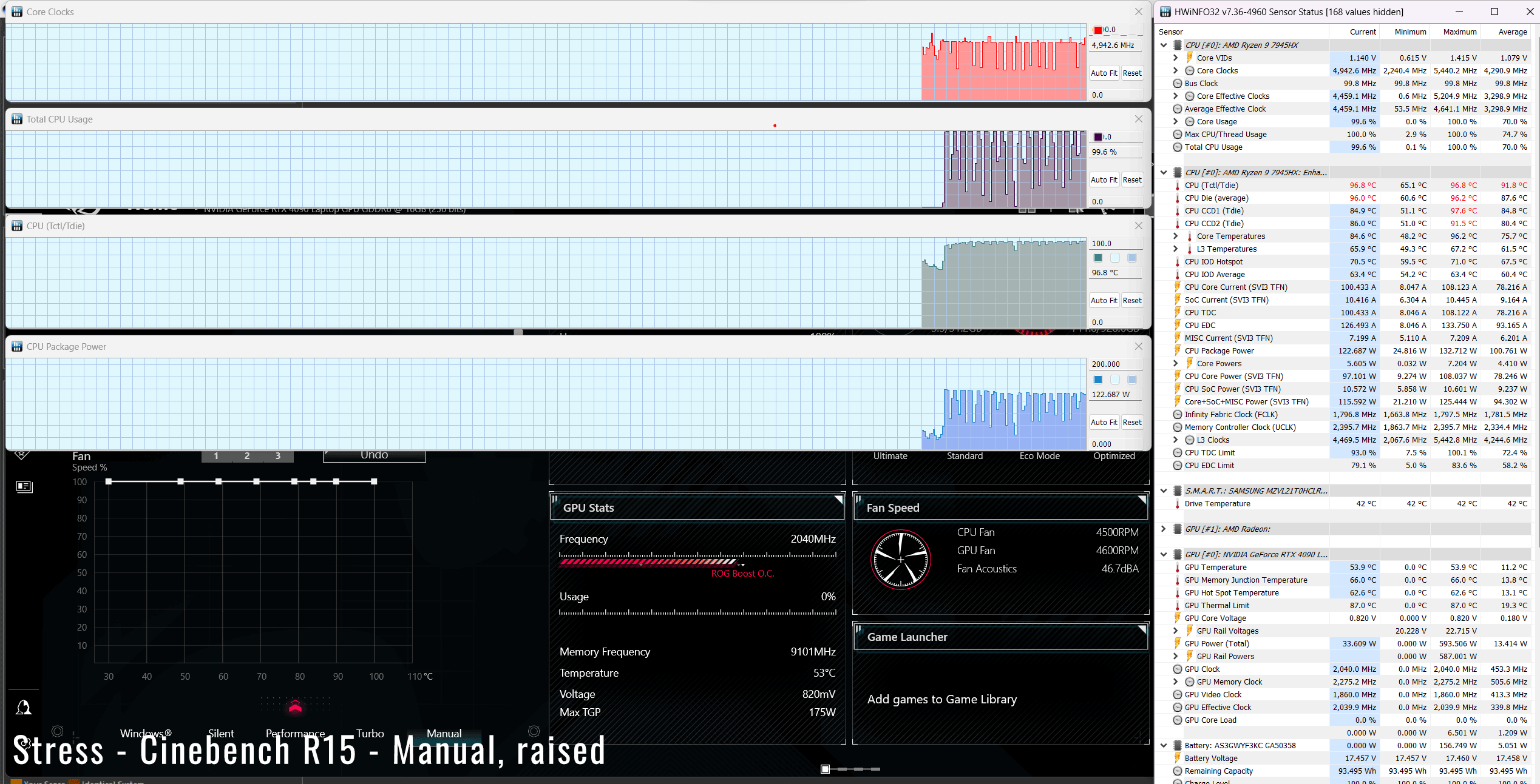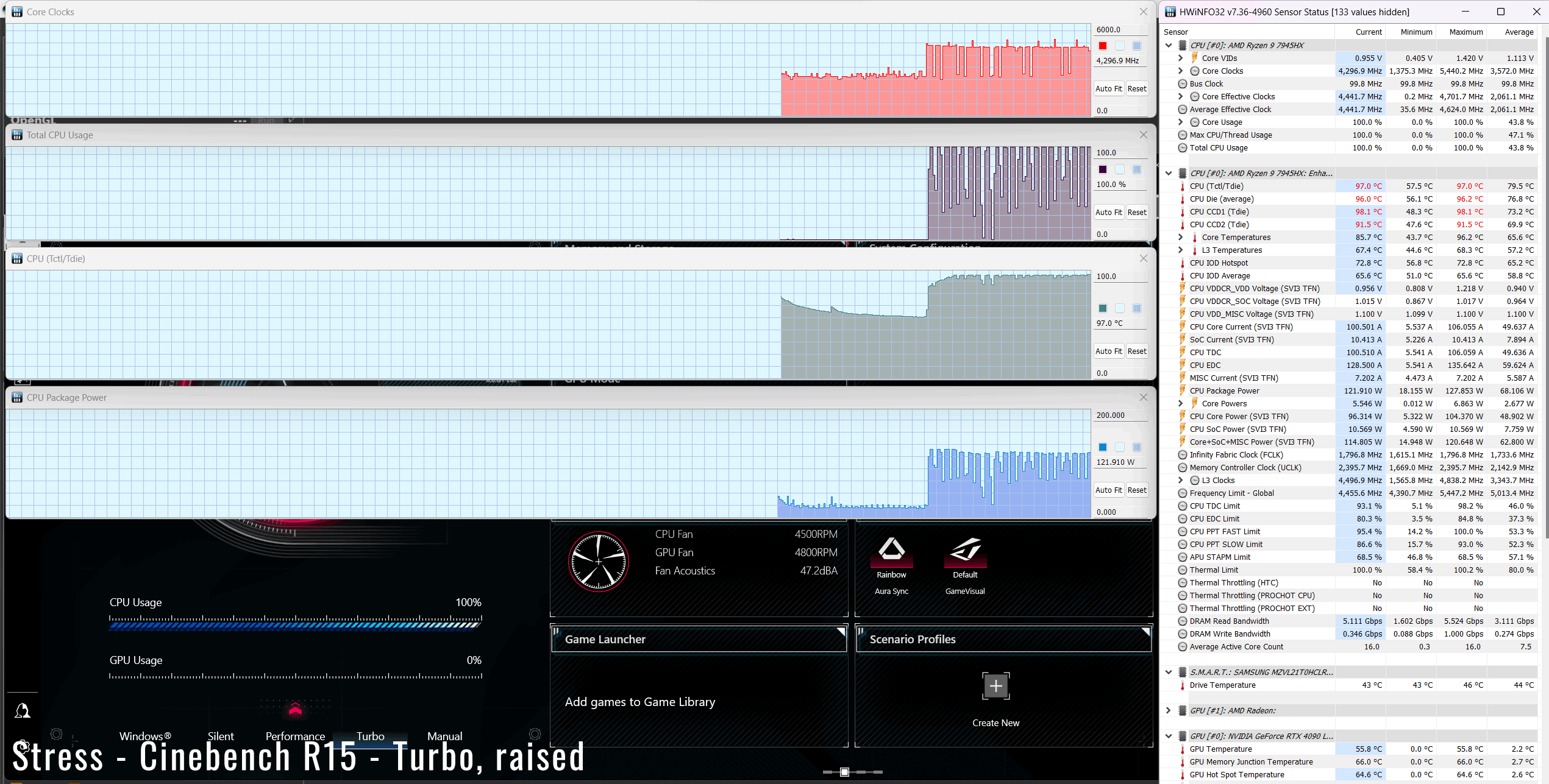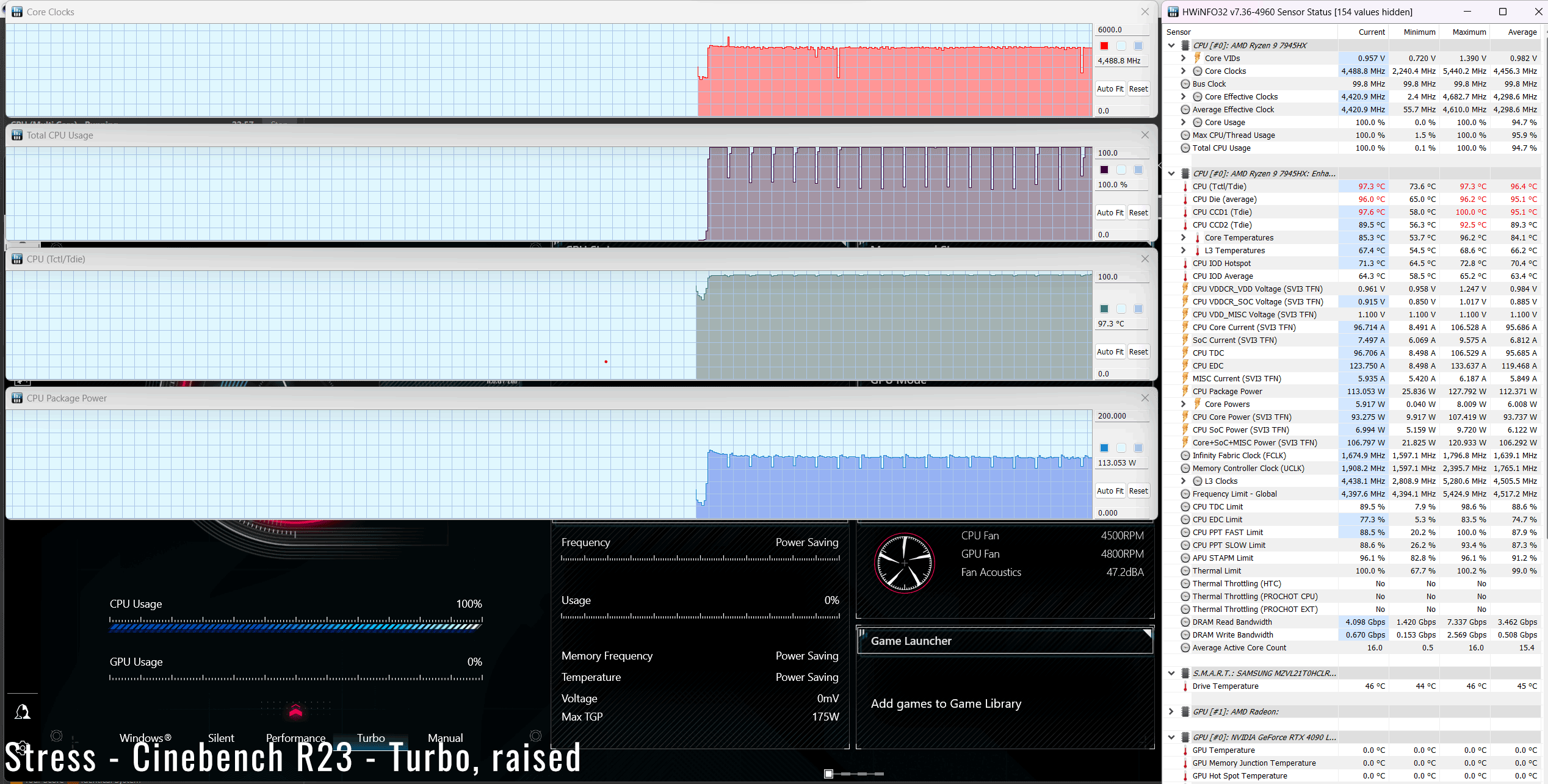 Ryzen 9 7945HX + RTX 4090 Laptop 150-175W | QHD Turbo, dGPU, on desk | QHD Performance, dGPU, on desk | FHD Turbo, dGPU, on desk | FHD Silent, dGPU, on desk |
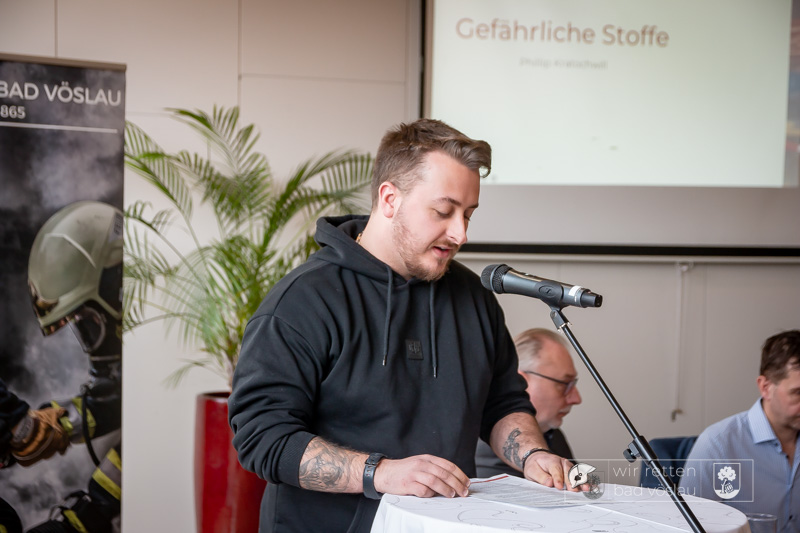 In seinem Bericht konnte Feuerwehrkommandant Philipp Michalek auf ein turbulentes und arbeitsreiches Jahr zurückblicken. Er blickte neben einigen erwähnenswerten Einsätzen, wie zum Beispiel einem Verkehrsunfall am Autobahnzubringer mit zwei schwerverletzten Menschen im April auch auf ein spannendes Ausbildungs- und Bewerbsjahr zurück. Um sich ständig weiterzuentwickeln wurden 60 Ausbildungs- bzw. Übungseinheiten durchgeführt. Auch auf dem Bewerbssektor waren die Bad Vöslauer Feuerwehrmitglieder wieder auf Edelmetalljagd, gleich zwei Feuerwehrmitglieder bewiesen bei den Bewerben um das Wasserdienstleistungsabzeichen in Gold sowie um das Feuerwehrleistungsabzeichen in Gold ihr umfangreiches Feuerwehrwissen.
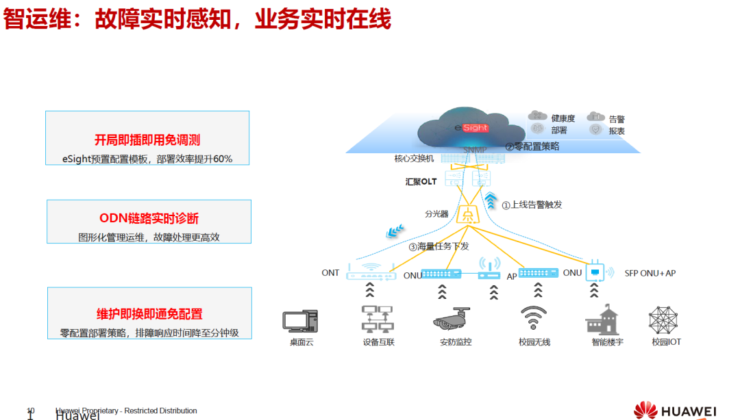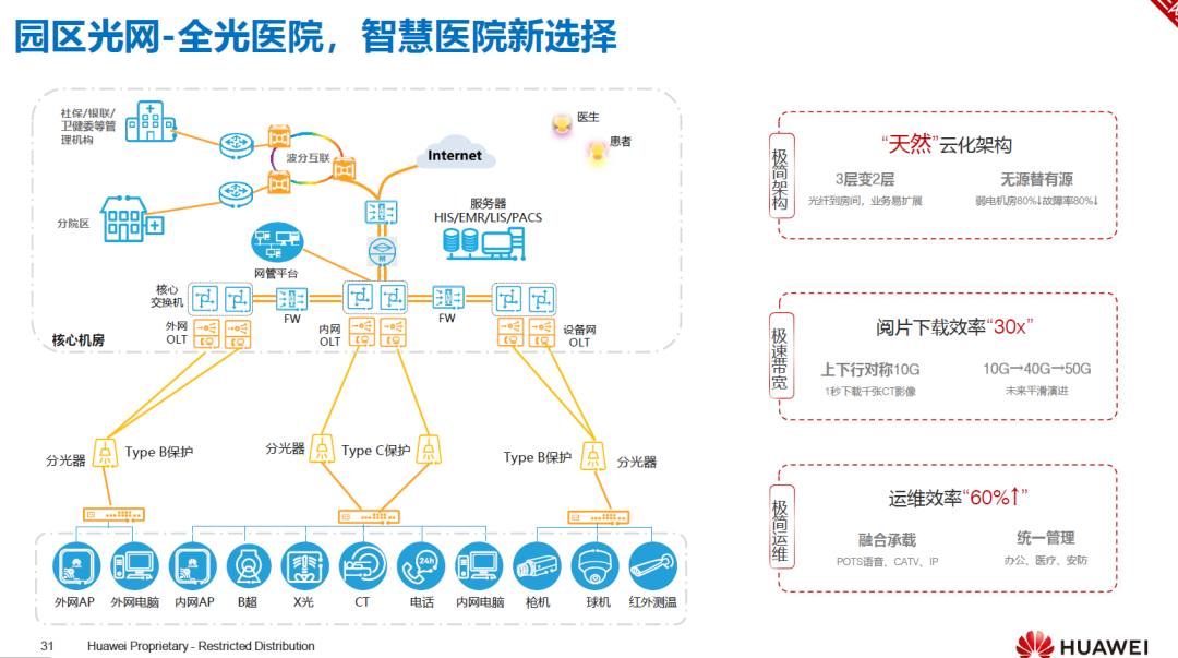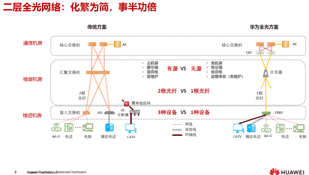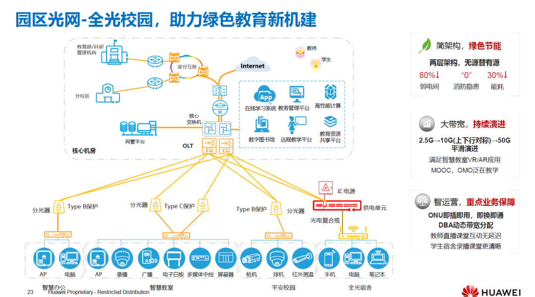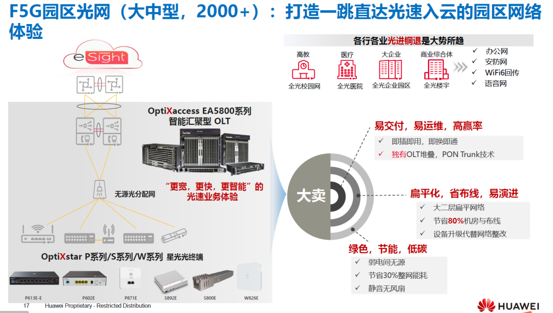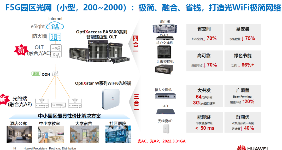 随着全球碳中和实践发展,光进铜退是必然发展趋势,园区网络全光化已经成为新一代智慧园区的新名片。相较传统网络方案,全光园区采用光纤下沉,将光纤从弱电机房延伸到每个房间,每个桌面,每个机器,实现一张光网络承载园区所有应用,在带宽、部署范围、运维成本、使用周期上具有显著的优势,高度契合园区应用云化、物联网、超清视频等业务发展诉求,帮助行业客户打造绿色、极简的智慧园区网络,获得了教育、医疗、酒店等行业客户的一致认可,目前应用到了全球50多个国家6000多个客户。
•••
_EXERCISE AIM_. All of the lines above must be repeated without alteration, though the pictures are to be excluded.

_RESULT_.
 Ryzen 9 7945HX + RTX 4090 Laptop 150-175W | QHD Turbo, dGPU, on desk | QHD Performance, dGPU, on desk | FHD Turbo, dGPU, on desk | FHD Silent, dGPU, on desk |
 In seinem Bericht konnte Feuerwehrkommandant Philipp Michalek auf ein turbulentes und arbeitsreiches Jahr zurückblicken. Er blickte neben einigen erwähnenswerten Einsätzen, wie zum Beispiel einem Verkehrsunfall am Autobahnzubringer mit zwei schwerverletzten Menschen im April auch auf ein spannendes Ausbildungs- und Bewerbsjahr zurück. Um sich ständig weiterzuentwickeln wurden 60 Ausbildungs- bzw. Übungseinheiten durchgeführt. Auch auf dem Bewerbssektor waren die Bad Vöslauer Feuerwehrmitglieder wieder auf Edelmetalljagd, gleich zwei Feuerwehrmitglieder bewiesen bei den Bewerben um das Wasserdienstleistungsabzeichen in Gold sowie um das Feuerwehrleistungsabzeichen in Gold ihr umfangreiches Feuerwehrwissen.
 随着全球碳中和实践发展,光进铜退是必然发展趋势,园区网络全光化已经成为新一代智慧园区的新名片。相较传统网络方案,全光园区采用光纤下沉,将光纤从弱电机房延伸到每个房间,每个桌面,每个机器,实现一张光网络承载园区所有应用,在带宽、部署范围、运维成本、使用周期上具有显著的优势,高度契合园区应用云化、物联网、超清视频等业务发展诉求,帮助行业客户打造绿色、极简的智慧园区网络,获得了教育、医疗、酒店等行业客户的一致认可,目前应用到了全球50多个国家6000多个客户。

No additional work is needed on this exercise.